«Luke ne peut pas passer du côté obscur de la Force, papa!» D'ordinaire, à pareille heure, ils sont à moitié endormis et mutiques, abandonnés à leurs rêveries matinales. Pas ce matin-là.

Je les avais piqués au vif, sans le vouloir, en route vers l'école. Je le voyais à leurs bras basculant vers moi, les mains ouvertes en signe de désarroi, bouches béantes et visages interloqués dans le rétroviseur.

J'avais vu la veille au cinéma la dernière bande-annonce du nouveau Star Wars - The Force Awakens. Avec ce personnage de triste sire, au masque noir et à la voix caverneuse rappelant vaguement Darth Vader. Son nom: Kylo Ren, un corsaire de l'espace (à ne pas confondre avec Rilo Kiley, band de rock indie californien).

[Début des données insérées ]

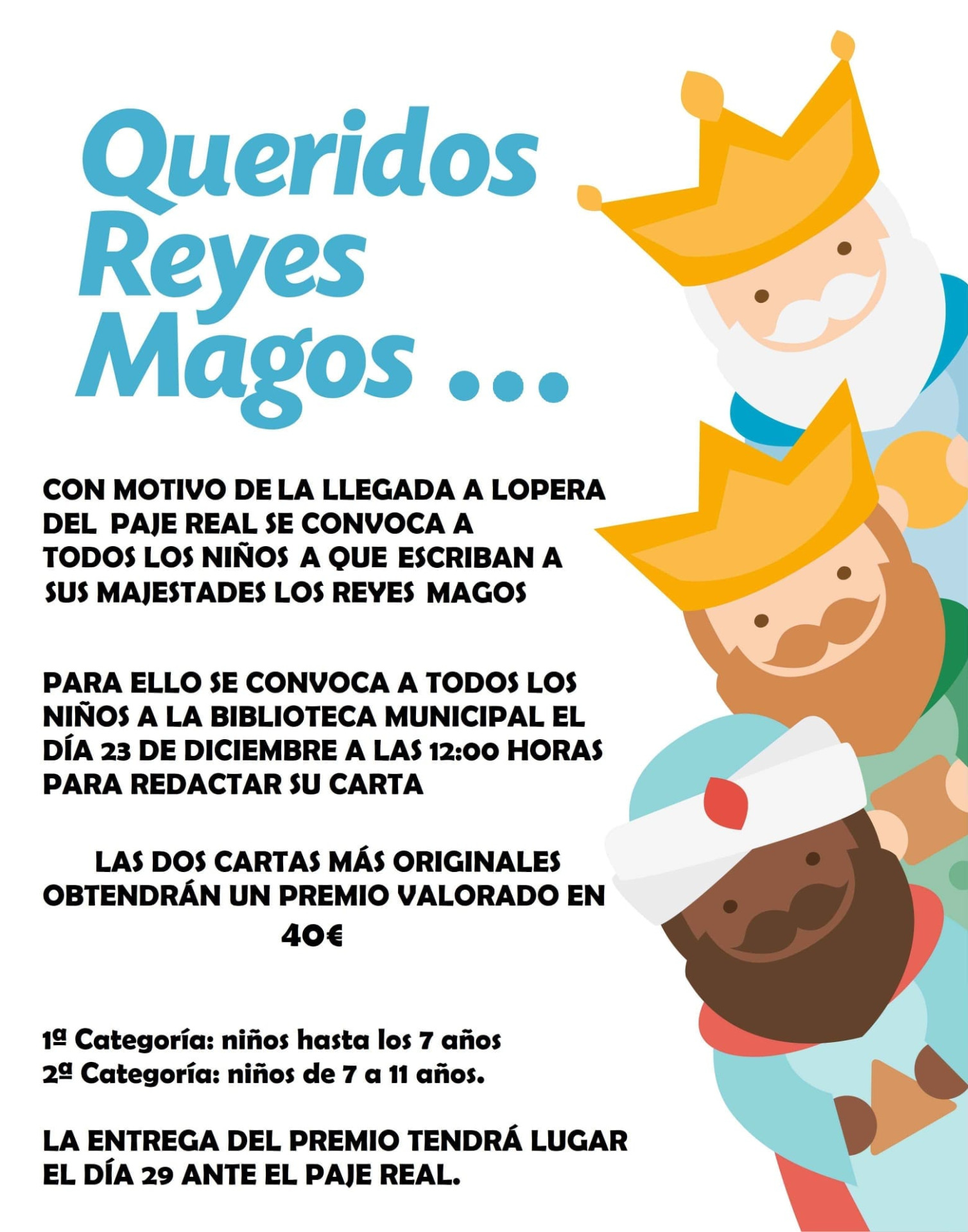El próximo día 23 de diciembre a las 12:00 horas se convoca a todos los niños en la Biblioteca Municipal de Lopera para escribir su carta a los Reyes Magos.
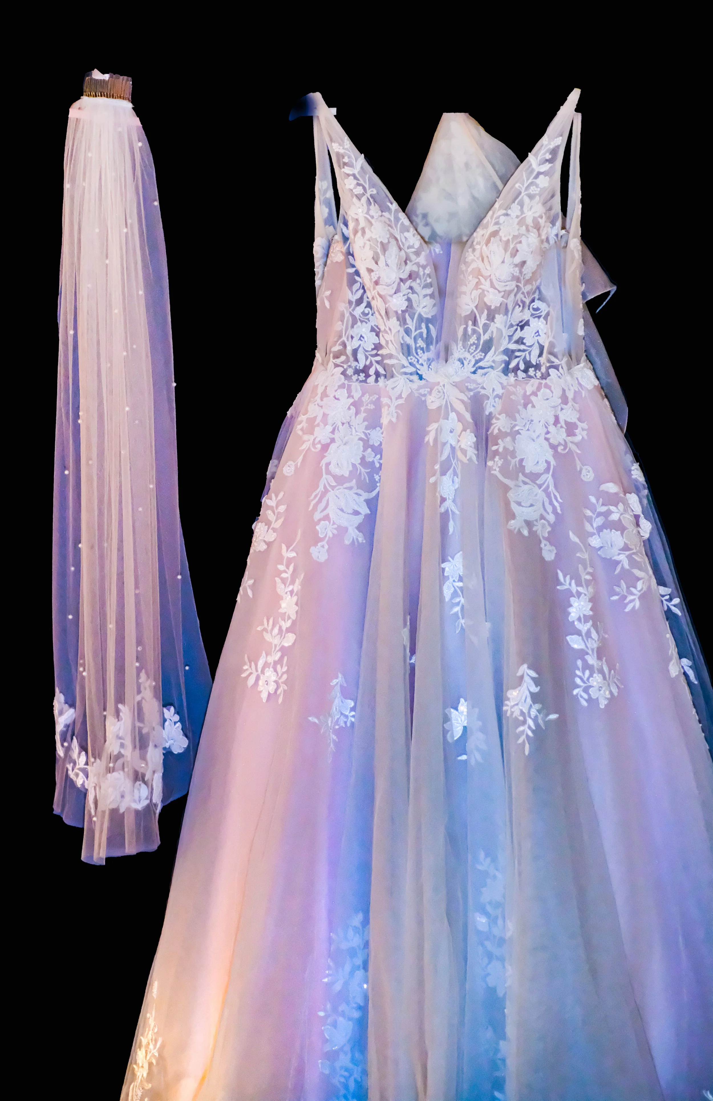 Bride and groom walking outdoors in a wooded area, with the bride wearing a white wedding dress and veil, and the groom in a blue suit, holding the leash of a small black dog.
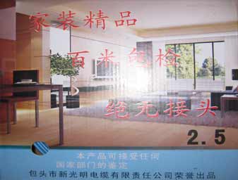 1、在入住新房前,大家都会先验房,但是多数市民都会将注意力集中在房屋结构上,对于墙内的电线却很少关心。如果把房屋比做一个人的话,那么隐藏在屋里的电线电缆就是至关重要的“大动脉”,电线电缆不仅关系着家庭正常的日常生活,更关系着家里的安全,劣质电线可能造成短路、触电,甚至引发火灾,本司在建材市场调查发现,大量非国标电线和劣质假冒电线充斥建材市场,有些劣质电线甚至一搓就断,因此,包头市新光明电缆有限责任公司经研究生产出家装精品系列电线,是本司专为广大家庭装修用户生产,基本解决了家庭装修用线知识溃乏而产生用电安全方面的漏洞。
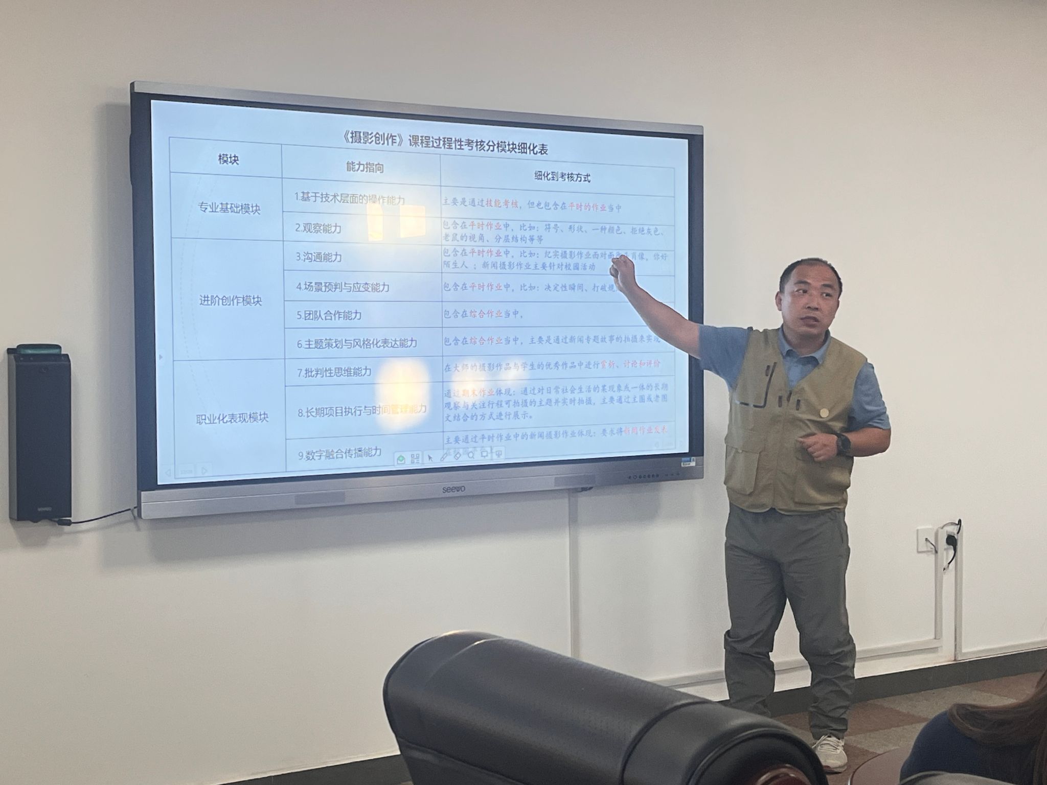 9月17日下午,传媒学院在图书馆510会议室举办本学期第一次教研活动,本次活动主题为“基于学生职业能力培养的过程性考核的实施——以广播电视编导专业《摄影创作》课程为例”,主讲人为任宏良老师。
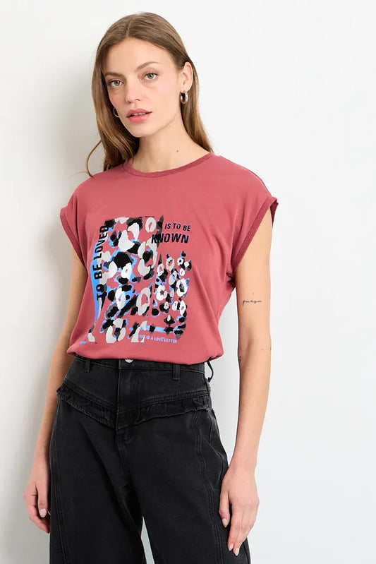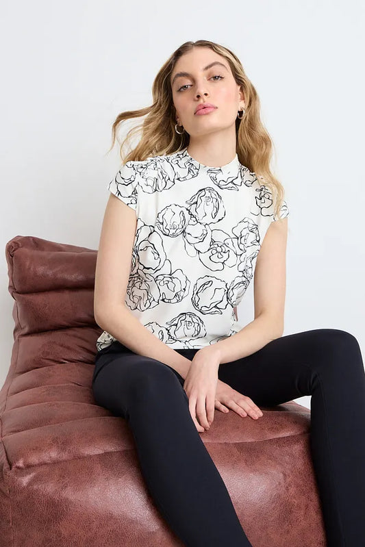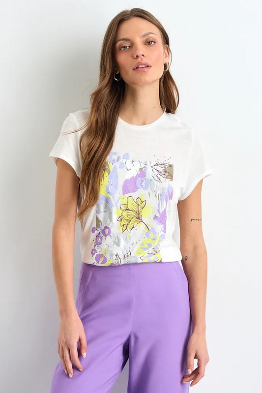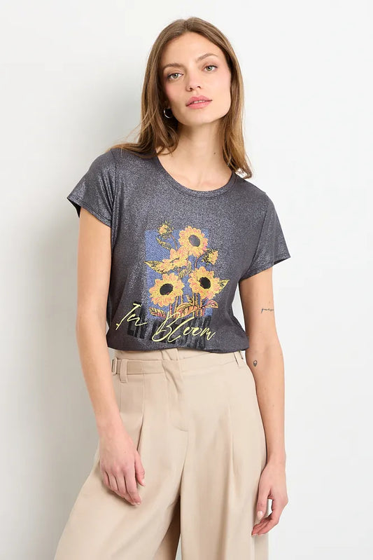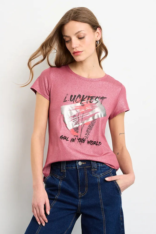 Polera Mujer Manga Corta Estampado Focal Con Tela Brillo Crudo
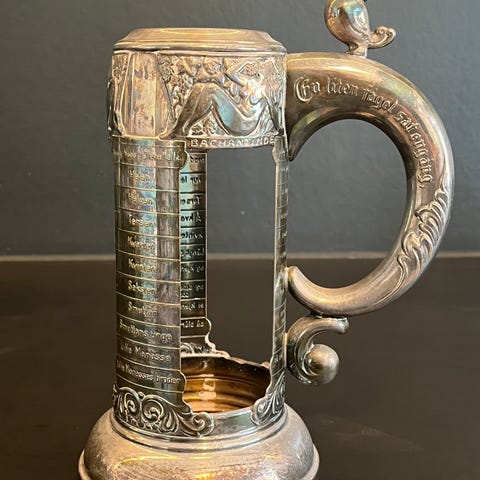 Vintage ølkrus i tre – med utskiftbart glass og vikingmotiv
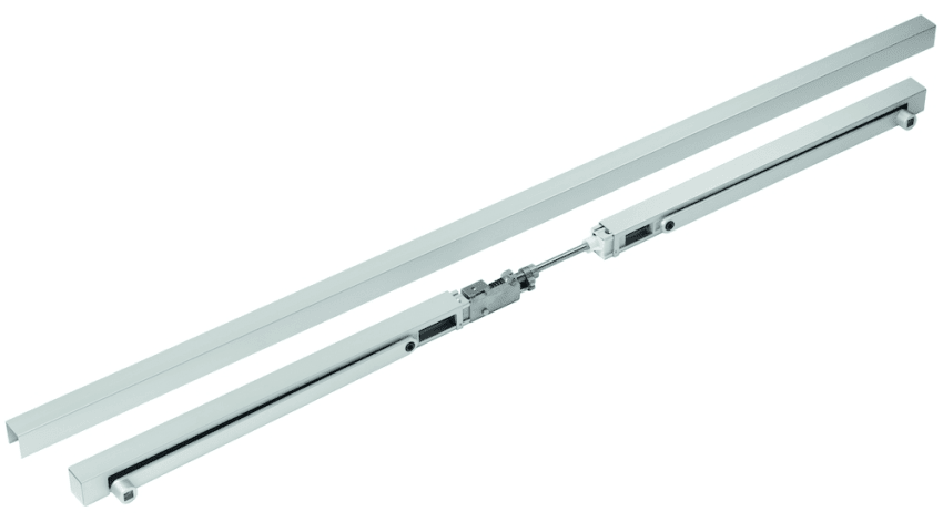 DORMA, Objekttür-Gleitschiene, Ausführung: für Oben-Türschließer, Modell: G-GSR/VL, Material: Edelstahl, Farbton: edelstahlfarbig, Oberfläche: matt, Ergänzung: mit Schubstangenklemmsystem, Befestigung
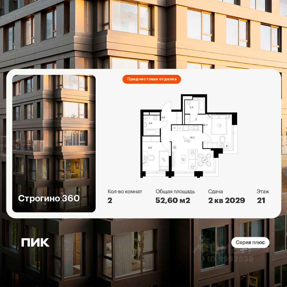 Новостройка! Продается 2-комн. кв-ра площадью 52,6 кв.м, (Корпус 1.2, Секция 1) 21 этаж 30-этажного дома в Строгино 360 от ПИК. Проект, где каждый день будет наполнен гармонией и новыми возможностями, где можно найти идеальный баланс между энергией большого города и спокойствием природного окружения. Это настоящая экосистема в окружении четырех парков и набережной Москвы-реки, где современная архитектура, умные технологии и продуманная среда создают новое качество жизни.
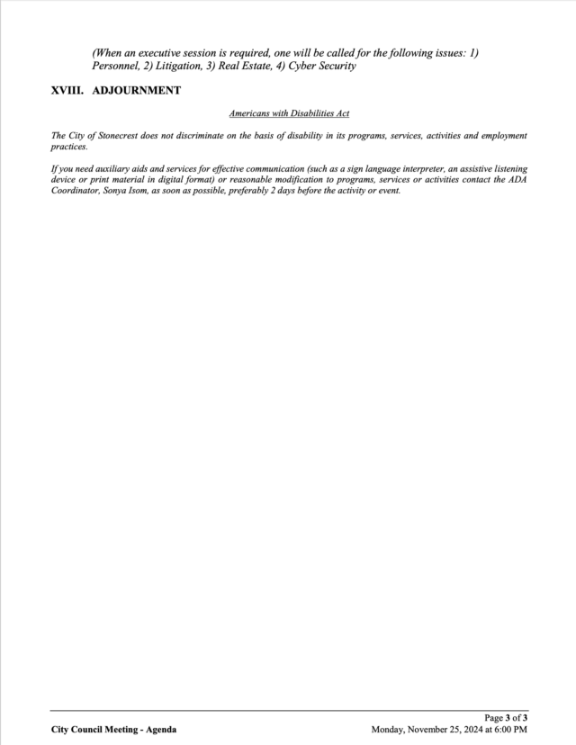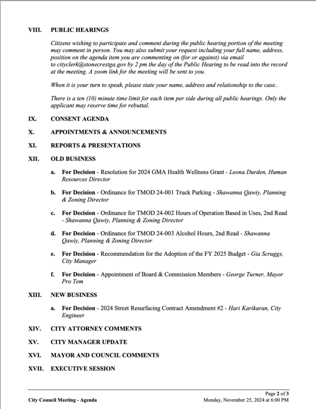 City of Stonecrest NOTICE – November City Council Meeting_11/25/2024
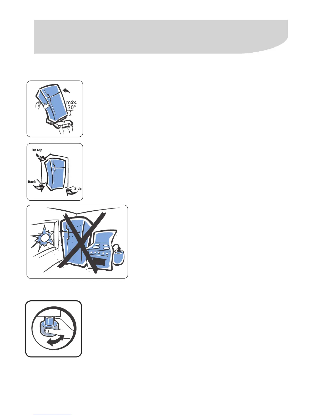 Avoid placing the refrigerator next to chemicals or heat sources (stoves,
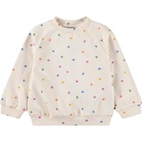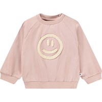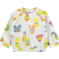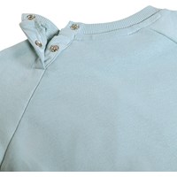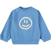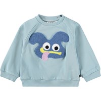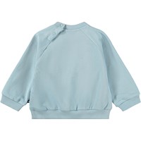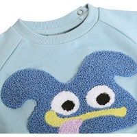Blauer, weicher Pullover für die Kleinen aus Bio-Baumwolle mit aufgenähtem Kunstwerk. Der Pullover hat Raglanärmel, gerippte Kanten und einen runden Halsausschnitt mit Druckknöpfen auf der Rückseite, um das An- und Ausziehen zu erleichtern.
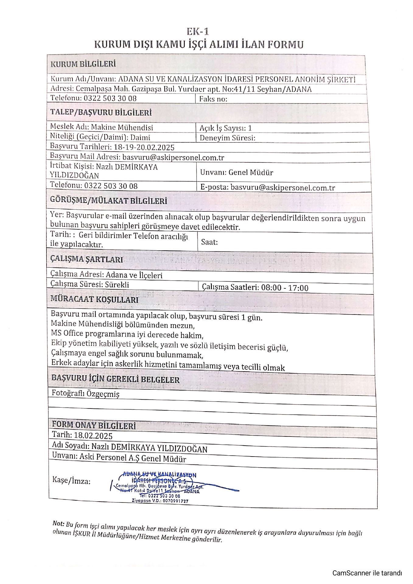 Adana Su ve Kanalizasyon İdaresi 1 İşçi Alacak. Son başvuru tarihi 20 şubat 2025
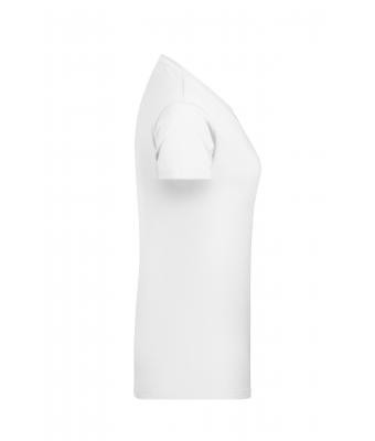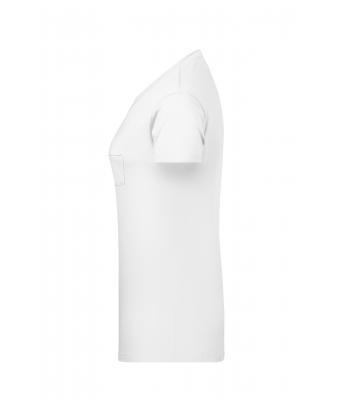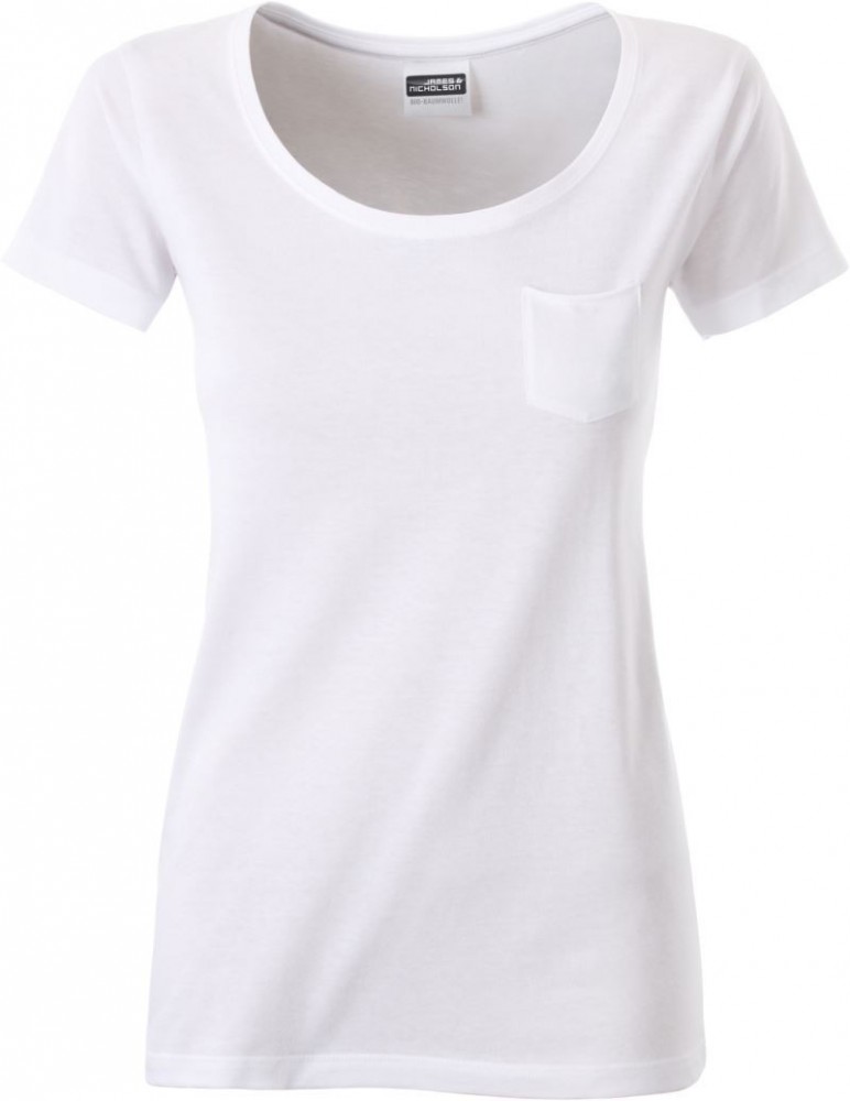 Enyhén karcsúsított szabású, kiváló minőségű fehér rövid ujjú női póló mellzsebbel.
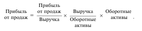 На величину прибыли от продаж (прибыли от основной деятельности) непосредственное влияние оказывает эффективность управления оборотными активами. Для анализа целесообразно воспользоваться следующей формулой:

«Je vais terminer ce que tu as entrepris», dit-il de sa voix d'outre-tombe en s'adressant à une précieuse relique: le casque abîmé - comme s'il avait été laissé longtemps trop près d'un calorifère - du Seigneur noir des Sith autrefois connu sous le nom d'Anakin Skywalker (alias Darth Vader, et accessoirement père de Luke Skywalker, pour ceux qui s'y perdent dans la généalogie de la célèbre saga intergalactique créée par George Lucas).

Sans anticiper leur vive réaction, j'avais fait part aux garçons de «ma» théorie sur le destin du plus-tout-à-fait-jeune Skywalker dans l'épisode VII de la série, faisant écho à une rumeur propagée sur le web depuis des mois. Une rumeur pour moi. Pour eux, rien de moins qu'une hérésie...

Le personnage de Luke Skywalker n'apparaît ni dans les bandes-annonces ni sur aucune affiche de The Force Awakens, dont l'action se déroule une trentaine d'années après The Return of the Jedi, dernier film de la trilogie originale que j'ai vu au cinéma à l'âge de 10 ans. C'est tout juste si l'on entend la voix de Luke dans une bande-annonce, philosophant sur la Force, feu son Lord de père et sa princesse de soeur.

Or, le nom de Mark Hamill, l'acteur qui incarne Luke Skywalker, se retrouve bel et bien au générique du film, entre ceux de Harrison Ford (Han Solo, mon préféré) et de Carrie Fisher (la princesse Leia), que l'on voit et sur l'affiche et dans les bandes-annonces.

Il n'en fallait pas davantage pour que les fans de la première heure (j'en suis) en concluent que Luke, tiraillé depuis toujours entre le blanc cassé et le noir, sa conception du bien et ses pulsions de vengeance, a sombré depuis son dernier party d'Ewoks du côté obscur de la Force.

Dans leur duel ultime, Vader l'y avait convié. Comme un père proposant à son fils, son MBA (de Jedi) terminé, d'intégrer l'entreprise familiale de portes et fenêtres à titre de vice-président des ventes régionales...

Luke, qui a sauvé son propre père des griffes de l'Empire juste avant sa mort (en dévoilant sous son casque de vilains problèmes d'eczéma et un teint terriblement blafard), aurait-il à son tour viré capot? Le ténébreux Kylo Ren serait-il, sous une couche de polymère thermoplastique, nul autre que... Luke Skywalker? Nooooooooon!

Je connais deux «Star Wars Kids» de 9 et 11 ans qui refusent d'y croire.